Eu sou “do quadro”, mas não moro ao lado da escola onde lecciono, nem sequer no mesmo concelho. O mesmo se passa com a minha caríssima melhor metade. Todos os dias, são 100 km de trajectos, saindo mais caro se forem dois carros a manter e pagar impostos. Se dão suplementos a malta que fica sentada ao lado de casa, quase sem dar aulas, o que deveria eu pedir, 35 anos e 1 mês depois de ter dado a minha primeira aula, tendo-se passado quase 20 até ser quadro de escola e agora a ser esmifrado mais de 10 euros o dia só para deslocação até ao local de trabalho (sim, não existem alternativas vagamente razoáveis em transportes públicos)? Subsídio de coiso? É que há gente que não se enxerga mesmo e devia enfiar um balde na cabeça de tanto se andar a choramingar, sem perceber que, bem espremida a situação, até deveriam ruborizar de tanto dizerem mal dos “outros”, sem verem que se calhar a origem do mal está em quem quer melhorar o próprio bolso, mas à custa do que consiga sacar ao desses mesmos outros. O tal nivelamento pelo sudão do sul.
2ª Feira
Aproveitem esta 2ª feira e a próxima porque me parece que ainda neste período vai regressar a tese do “mais com menos” ou a variação menos maligna do “mais com o mesmo”, a avaliar pela conversa de uns e o silêncio de outros. Do lado do PSD e circundantes, até se nota o salivar perante a oportunidade demonstrar – sem grande fundamento factual – que nos tempos da troika é que estava tudo bem e que é necessário voltar às práticas de outrora; do lado do PS, um certo silêncio perante a vontade de fazer algo parecido e o embaraço em serem apanhados com a boca na botija, mesmo com a desculpa da guerra, da pandemia e etc, pois fartaram-se de dizer que vinha aí dinheiro europeu a rodos para resolver tudo. Quanto às “esquerdas radicais” (PCP e BE), nesta matéria não adianta muito dar sequer atenção ao que dizem porque, podendo fazer ou influenciar algo diferente, andaram meia década a assinar de cruz o que era parcialmente “revertido” com uma mão e logo sacado num instante com a outra.

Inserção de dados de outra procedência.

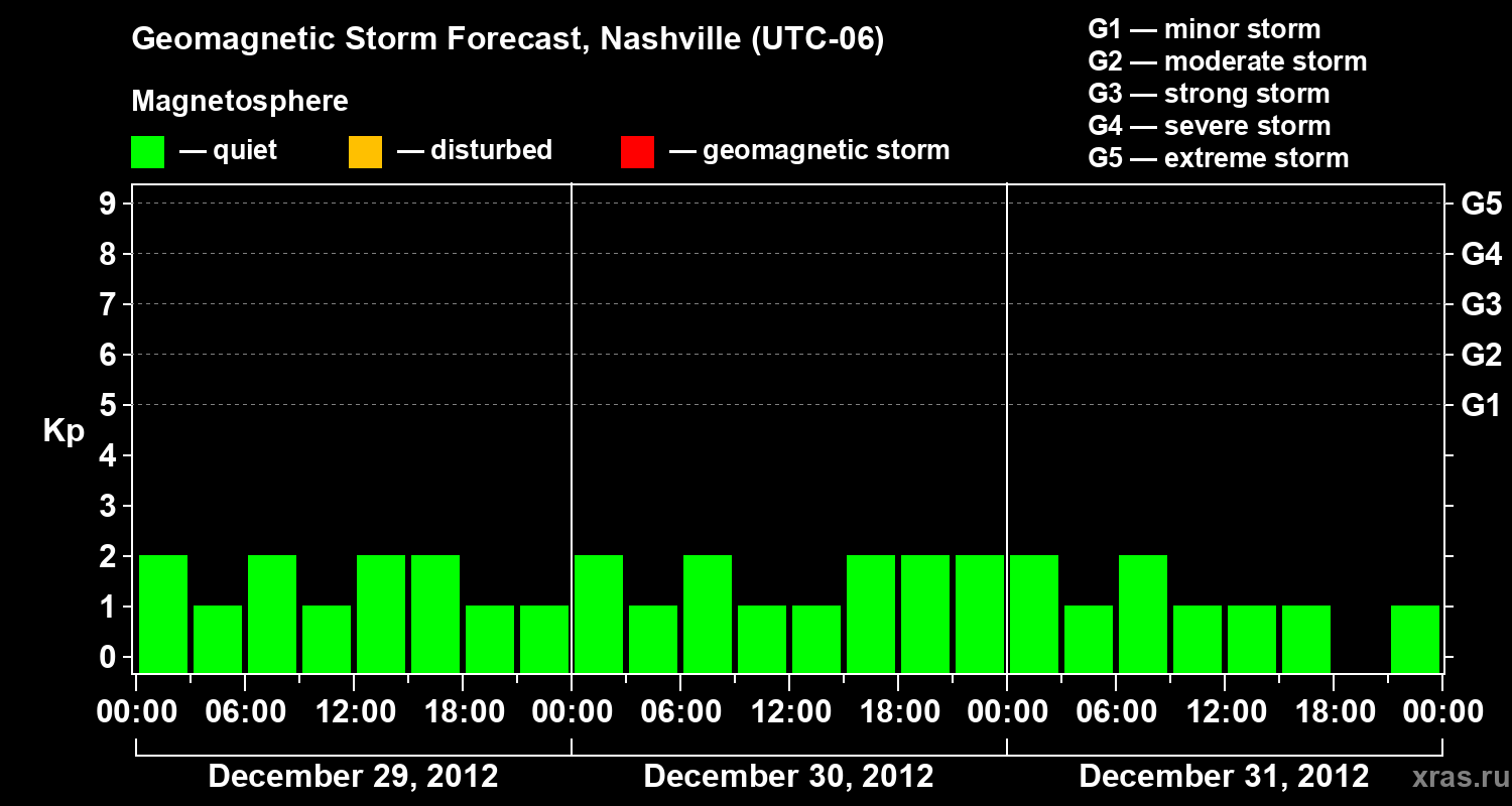 Geomagnetic storm forecast in Nashville for Dec 29, 2012
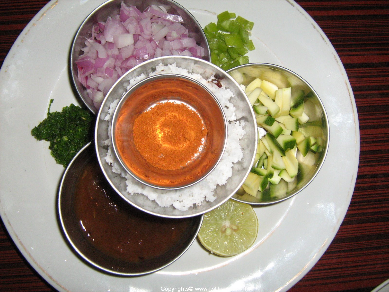 A tangy to taste and good to look at dish, Misal is prepared using Peas or Moth Beans and served with a variety of toppings. This is a Misal Chat served with or without Pav (bread).

Estamos no 3º período de mais um ano lectivo (desde 2018-19 que me lembre, como professor e encarregado de educação) em que há falta de professores durante a maior parte do ano em vários grupos disciplinares. Nada de relevante foi feito e agora querem soluções “urgentes”, claro que “no interesse dos alunos”. Nesse interesse, sublinhando que a minha petiza já não tem de ter professores de Português contratados em saldos para fingir que teve a disciplina no 12º ano, eu volto a propor que @s mais de 800 director@s se dignem ir dar 5 horitas de aulas (ainda seriam umas 4000 semanais) e os restantes elementos das “equipas directivas” com direito a forte redução de horário (serão, pelo menos, uns 2500) façam o mesmo e assim conseguiremos mais 125.000 horas. Não digam que, com isso, as escolas deixariam de funcionar porque eu quero acreditar que com o cansaço que isso lhes causaria talvez deixassem de inventar “pintelhices” (linguagem à catroga) para os outros fazerem e quase todos ficaríamos mais felizes.